## [Exercise objective]
What you return must match the listing exactly, with every image removed.

## [Supplied data]
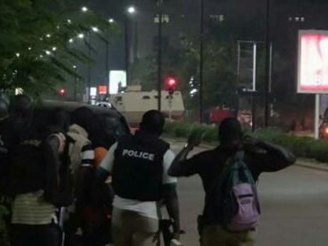 Saksi mata mengatakan orang-orang mulai berlari keluar dari kafe tersebut, sementara polisi p pasukan paramiliter terlibat dalam baku tembak dengan para pria bersenjata.
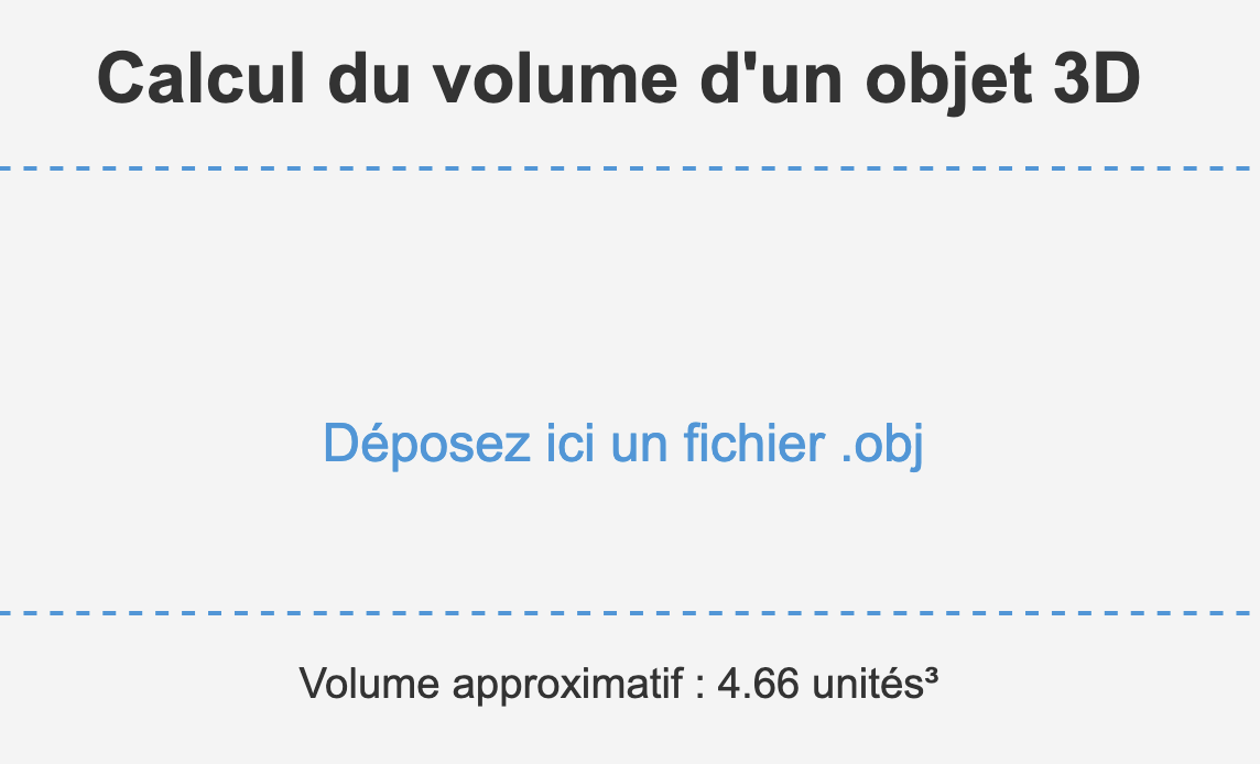 Site web permettant de déposer un fichier .obj afin d'obtenir son volume
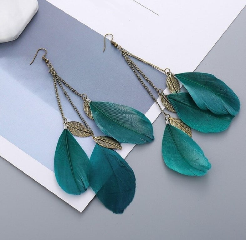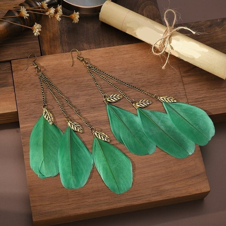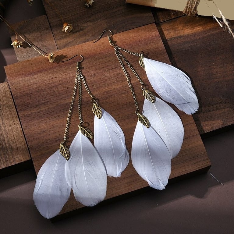 Boucles d'oreilles pendantes pour femmes avec plumes

## [Answer to the problem]
 Saksi mata mengatakan orang-orang mulai berlari keluar dari kafe tersebut, sementara polisi p pasukan paramiliter terlibat dalam baku tembak dengan para pria bersenjata.
 Site web permettant de déposer un fichier .obj afin d'obtenir son volume
 Boucles d'oreilles pendantes pour femmes avec plumes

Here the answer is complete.